Estoy intentando hacer andar pipelight/silverlight5.1 sobre Firefox 52.0.1-r1 pero no logro hacer que funcione.

Consulté los siguientes hilos:

http://primeros-pasos-linux.blogspot.com.ar/2014/03/corregir-pipelight-error-silverlight51.html

https://wiki.gentoo.org/wiki/Netflix/Pipelight

Y algunos otros con problemas más puntuales.

Pipelight lo tengo trabajando sobre Wine 1.8.3 y firefox con la USE="nsplugin".

Alguien también tubo una mala experiencia con esto? Lo puediron hacer andar?

Gracias a todos!Last edited by natrix on Sun Mar 26, 2017 5:21 pm; edited 1 time in total

----------

## pelelademadera

 *natrix wrote:*   

> Hola genturiones!!
> 
> Estoy intentando hacer andar pipelight/silverlight5.1 sobre Firefox 52.0.1-r1 pero no logro hacer que funcione.
> 
> Consulté los siguientes hilos:
> ...

 entre usar wine y demas, no es mas sencillo usar virtualbox y windows?

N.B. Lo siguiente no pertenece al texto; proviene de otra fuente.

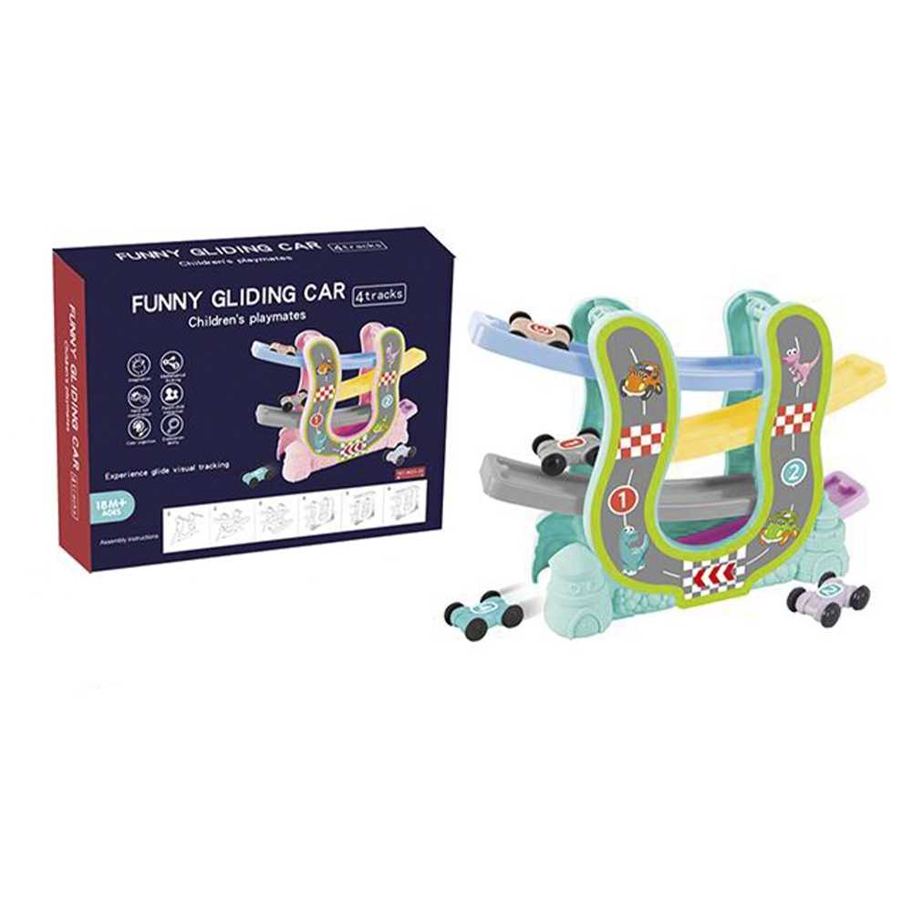 Caracteristici: Copilul aseaza masinuta in partea de sus a rampei si o impinge usor. Aceasta va urma traseul pana jos, la linia de sosire. Pista de curse are o baza stabila si este pregatita pentru ore lungi de joaca. Traseul este prevazut cu 4 rampe multicolore in zig-zag. Jucaria ajuta la dezvoltarea motricitatii, imaginatiei si creativitatii copiilor.

si es solo para netflix....

----------

## cameta

Yo hice funcionar esto con el famoso imagenio antes de darlo de baja. 

Hay varios motivos por el que no te puede funcionar. Uno de ellos es que en la página te digan que linux no esta soportado.

----------

## Alberto.A

Hola amigo, yo he solucionado ese tema instalando la última versión de firefox. 

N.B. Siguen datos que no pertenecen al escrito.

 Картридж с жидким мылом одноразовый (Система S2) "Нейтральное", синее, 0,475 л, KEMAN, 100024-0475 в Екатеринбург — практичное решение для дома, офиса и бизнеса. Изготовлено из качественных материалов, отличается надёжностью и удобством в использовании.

La última versión si soporta DRM  :Smile: 

----------

## natrix

Hola a todos!!

Solucionado: el problema es que Wine 2.0 (la estable) no soporta staging y hay que recurrir a otra versión de prueba.

Muchas gracias a todos por sus respuestas!!

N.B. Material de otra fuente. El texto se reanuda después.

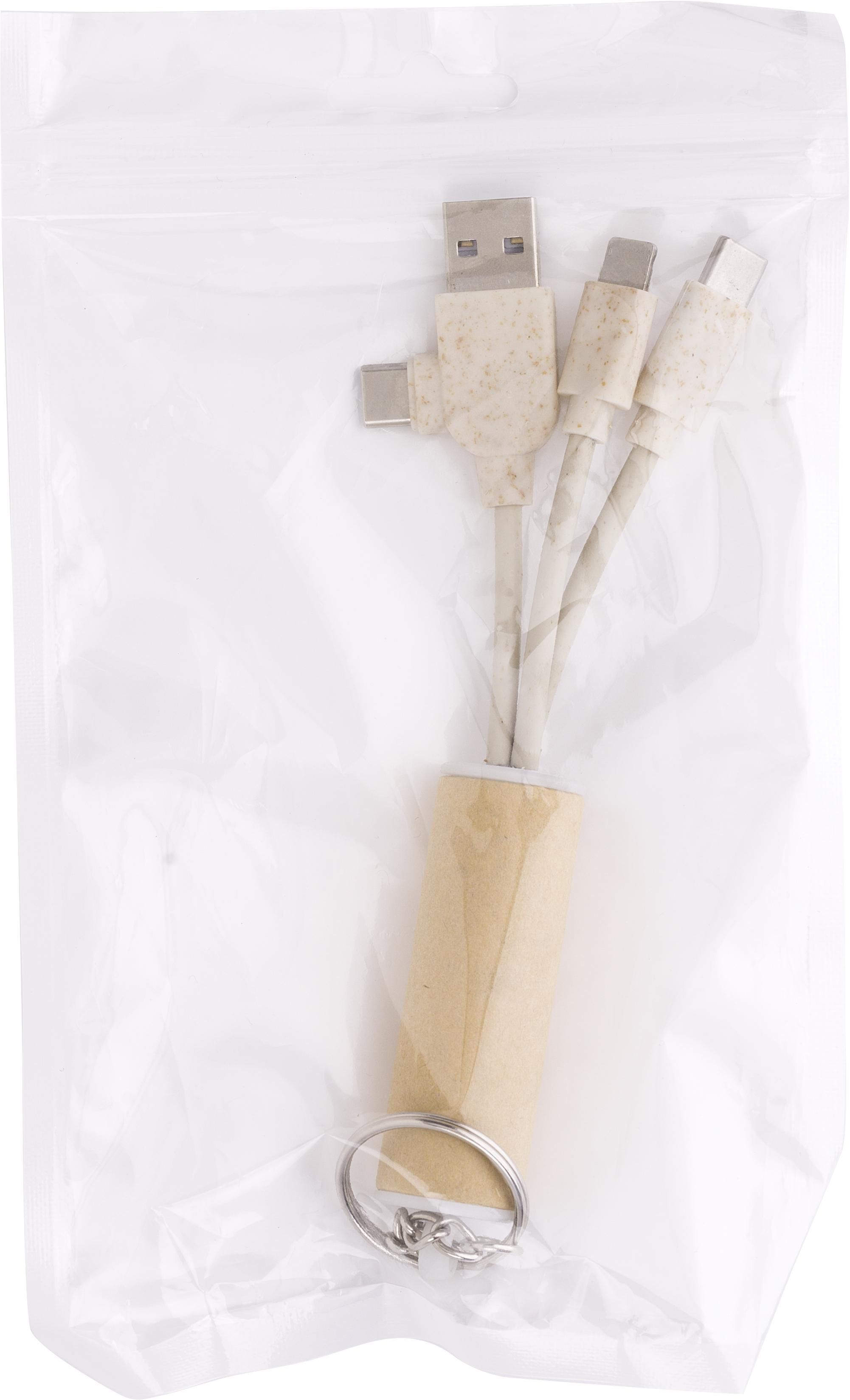 USB-Ladegerät-Schlüsselanhänger mit Papierdetails. Mit USB-C, Micro-USB und Lightning. Einzeln verpackt in einer braunen Kartonbox.

El Silverlight es para un webmail que me asignaron, y debo reconocer que tiene una dinámica que vale la pena tener este plugins. Obviamente, es un webmail Win$-frienly.

Tengo una VBox para soft incompatibles, pero no es lo mismo. Prefiero que corran sobre gentoo aunque sea de manera forzada.

Otro caso de tire y afloje con la compatibilidad de OS cerrados. Esperemos que esto algún día se termine.

Saludos

----------